◆ **Record set**
________
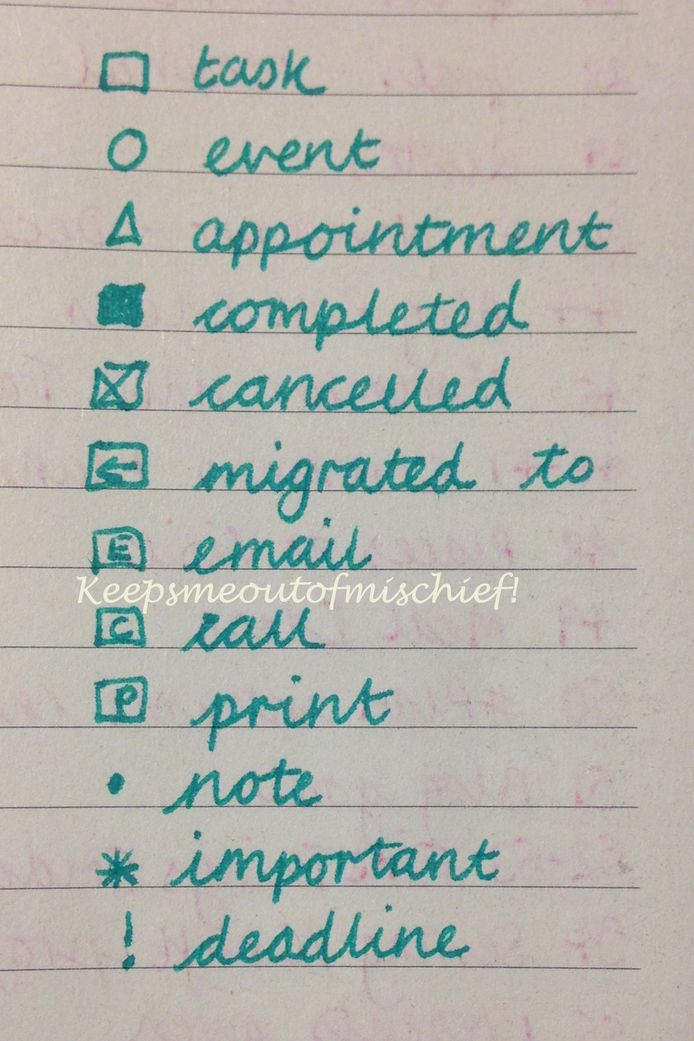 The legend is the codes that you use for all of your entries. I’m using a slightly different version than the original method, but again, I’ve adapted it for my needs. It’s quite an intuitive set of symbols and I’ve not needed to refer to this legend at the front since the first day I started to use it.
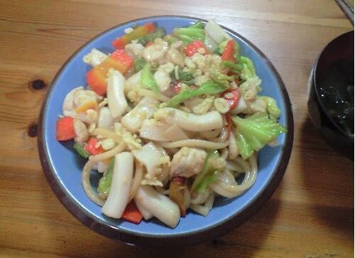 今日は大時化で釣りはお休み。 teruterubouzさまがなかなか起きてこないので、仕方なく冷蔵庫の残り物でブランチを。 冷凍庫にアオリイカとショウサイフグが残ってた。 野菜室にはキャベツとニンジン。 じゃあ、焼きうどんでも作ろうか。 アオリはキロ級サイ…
________
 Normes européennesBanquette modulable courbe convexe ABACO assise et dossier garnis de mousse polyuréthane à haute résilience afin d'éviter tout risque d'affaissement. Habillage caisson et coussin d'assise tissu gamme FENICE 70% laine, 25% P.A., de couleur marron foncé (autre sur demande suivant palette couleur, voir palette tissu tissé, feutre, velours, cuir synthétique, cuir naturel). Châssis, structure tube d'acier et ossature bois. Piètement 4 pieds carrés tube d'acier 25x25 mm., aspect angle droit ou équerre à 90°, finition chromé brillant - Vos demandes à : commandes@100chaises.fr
________
◆ **What to work on**
Copy exactly, without pictures, the lines above from the one with "The legend is" down to the one with "野菜室にはキャベツとニンジン。 じゃあ、焼きうどんでも作ろうか。 アオリはキロ級サイ…", inclusive.

◆ **Exercise answer**
 The legend is the codes that you use for all of your entries. I’m using a slightly different version than the original method, but again, I’ve adapted it for my needs. It’s quite an intuitive set of symbols and I’ve not needed to refer to this legend at the front since the first day I started to use it.
 今日は大時化で釣りはお休み。 teruterubouzさまがなかなか起きてこないので、仕方なく冷蔵庫の残り物でブランチを。 冷凍庫にアオリイカとショウサイフグが残ってた。 野菜室にはキャベツとニンジン。 じゃあ、焼きうどんでも作ろうか。 アオリはキロ級サイ…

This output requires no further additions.